In this preliminary selection step, we excluded articles dealing with wellness and well-being tourism vis-à-vis the stakeholders (resident community, categories of service/experience providers and entrepreneurs) and those did not identify specific activities, resources and services/experiences. This resulted in 61 articles that met our criteria for selection and that we then analyzed through a process of open coding, carried out manually (Saldaña, 2015).
The authors of the present study proceeded to use this open, manual qualitative coding process to inductively evaluate the contents of each article. The objective was to identify wellness activities and resources, according to their prevalence [10].
The decision was made to focus on the most salient points presented (Guest et al., 2012) in the articles, rather than simply choose certain parts of the text, a priori. In line with Madden (2010), adopting this analytical method does not pose a limitation on the research but adds value to the overall methodology.

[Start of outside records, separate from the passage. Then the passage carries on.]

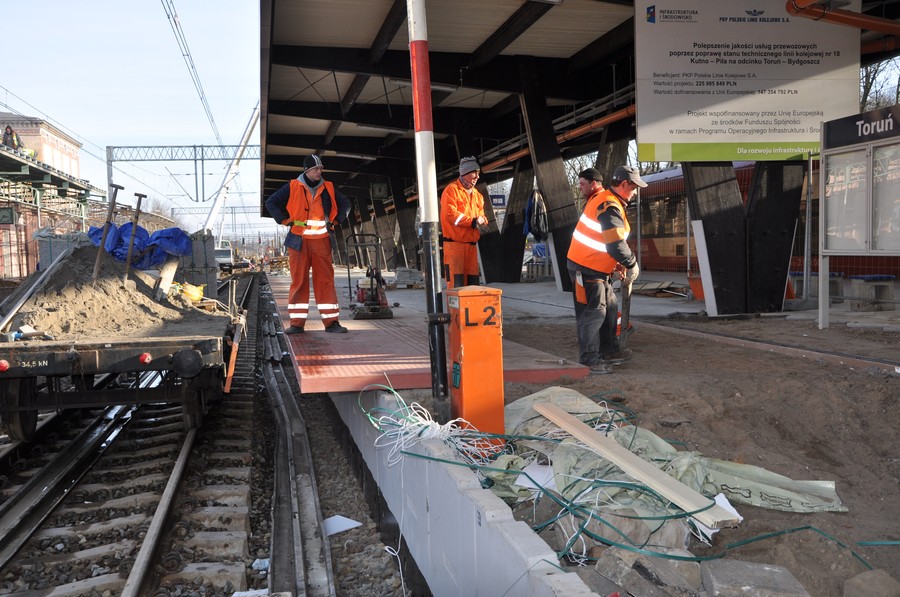 Na gruntowanie rewitalizowanym dworcu kolejowym Toruń Główna trwa budowa nowego przejścia podziemnego, ekipy wykonawcze prowadzą też zaawansowane prace modernizacyjne wewnątrz budynku głównego, oprócz tego przebudowywana jest sieć wodociągowa i kanalizacyjna w rejonie ulicy Kujawskiej. Zakończenie prac latem 2015.
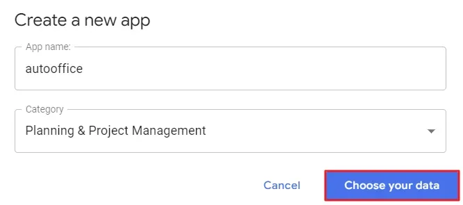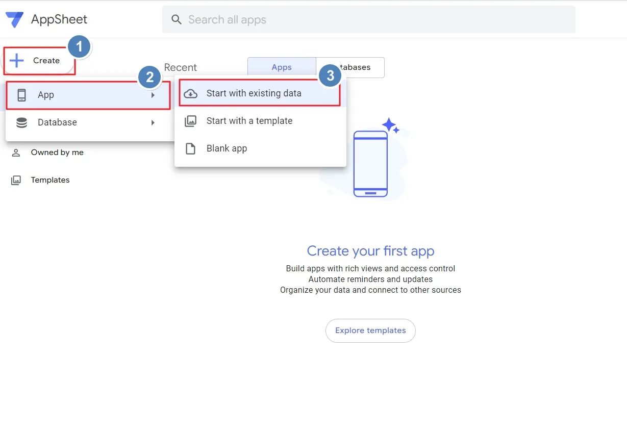 ‘Create’ - ‘App’ - ‘Start with existing data’ 클릭
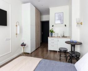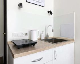 До центра 25мин.ОСНАЩЕНИЕ:двуспальная кровать с ортопедическим матрасомполотенца, чистое постельное белье, фен LСD Smart ТVскоростной Wi-Fiмини- кухня с варочной плитой, всей необходимой посудой и кухонными принадлежностямиСВЧ печь В общем холле:Стиральная машина, а также утюг с гладильной доской и сушилкой.
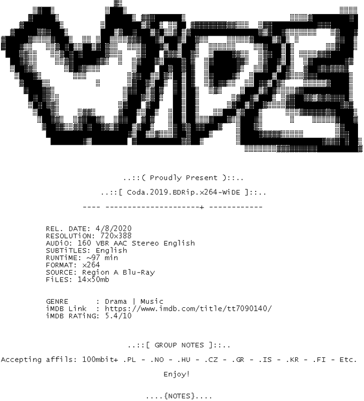 Release Name : Coda.2019.BDRip.x264-WiDE
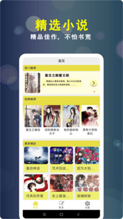 1、智能推荐:本款软件中的界面首页会为用户自动推荐经典和热门类型的小说,还可以显示评分,让用户了解更多作品。
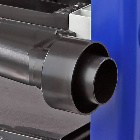 Для отвода отходов резания предусмотрен кожух, который имеет патрубок отвода стружки 53 мм. Его направление при установке может быть как в правую, так и в левую сторону. На патрубок надевается универсальный адаптер с диаметрами под подключение пылесоса на 63 и 102 мм.
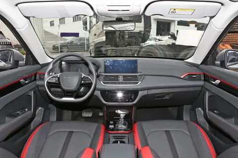 进入车内,黑灰的整体色调搭配亮红色装饰线条,整车内饰显得格外张扬,搭配平底式方向盘,时尚运动气息扑面而来,只是方向盘采用塑料材质,无论是手感还是档次都降低不少,后续可根据自己需要加装方向盘套。中控区域一块10.25寸的悬浮式中控屏格外显眼,搭配一块7寸全液晶仪表盘,科技感的体现也非常到位,游艇式档把也是走在了时尚的前列,非常符合当下年轻化的审美观念,而且操控感相当舒适。
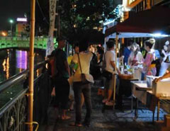 堀川納屋橋界隈ではフラワーフェスティバルをはじめ、一年中、ユニークなイベントが開催されています。例えば、堀川を活かしたまちづくりの意識高揚を図るため開催される「堀川ウォーターマジック」や、産学官の連携により堀川の浄化・美化に貢献できるロボットのコンテスト「堀川エコロボットコンテスト」等です。なかでも、面白いと思うのは、「なやばし夜イチ」。地元の若い方が中心となり、毎月第4金曜の夜に開催されています。手作り看板と赤提灯の先には、飲食ブースから作品展示ブースまで様々なお店が出店され、夜の水辺を楽しむことができます。
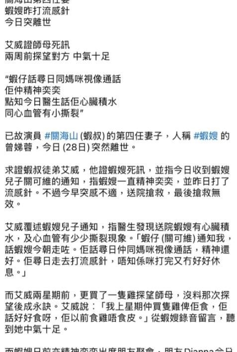 14. 连关海山的徒弟都表示难以置信,前两周还亲自登门探望过“虾嫂”,没想到转眼之间便天人永隔。
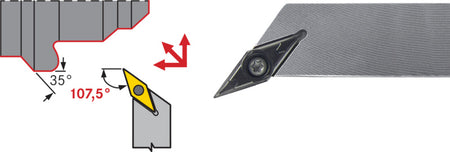 Pro kopírovací, podélné a čelní soustružení s vyměnitelnou břitovou destičkou VB, 35°.
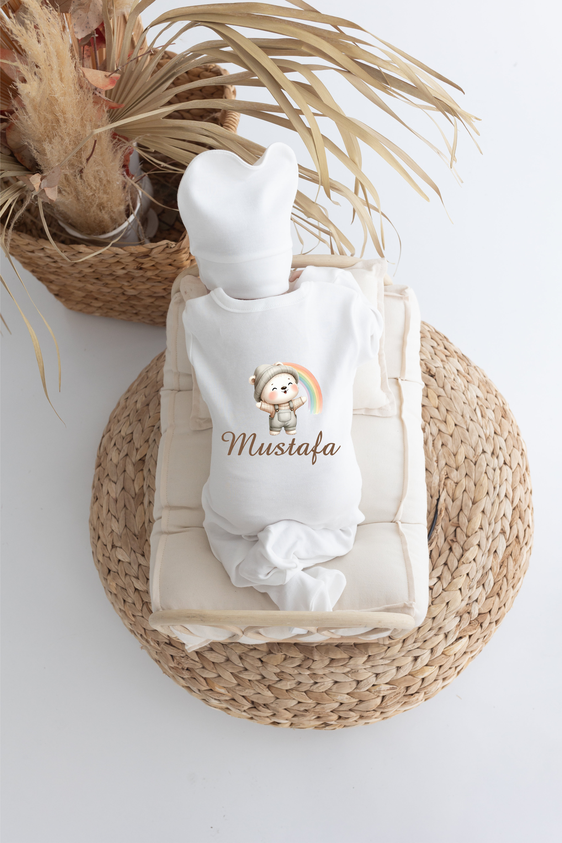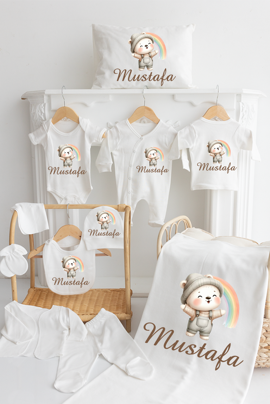 İsime Özel %100 Pamuk Baskılı 11’li Organik Bebek Hastane Çıkışı Gökkuşağı Renkli Ayı Modeli M78

Both authors, separately, began the third phase of the study the coding process, by extracting the prevailing codes from the set of articles selected, to arrive at their own list of initial codes [11] (MacQueen et al., 1998).
Subsequently, they compared these initial codes and found an interpretive convergence in 53 articles. Given such a good percentage of codes convergence, both authors proceeded with the next codification phase together, on the one hand to analyze the eight articles where there was no convergence and on the other hand to cover a wider array of concepts.
As a consequence of this joint analysis 85 codes were identified, as determined by the touristic service/experience or touristic activity and resources used for proposing the wellness service or experience [12].
In the final phase of interpretation and reporting, the codes were tied to specific offer systems, through a process of homogeneous grouping (Lincoln and Guba, 1985). Through the iterative and reflexive processes of constant comparison of codes, the authors worked together to construct the main themes and identify ten different components of wellness tourism. These are listed in column 1 of Table 1; the codes themselves are shown in column 2, and their descriptions are given in column 3; each component is associated to the analyzed article(s) of reference for both supply and demand in columns 3 and 4, respectively. The codes found in each article are given in quotation marks in the descriptive part of each wellness component described in Section 4.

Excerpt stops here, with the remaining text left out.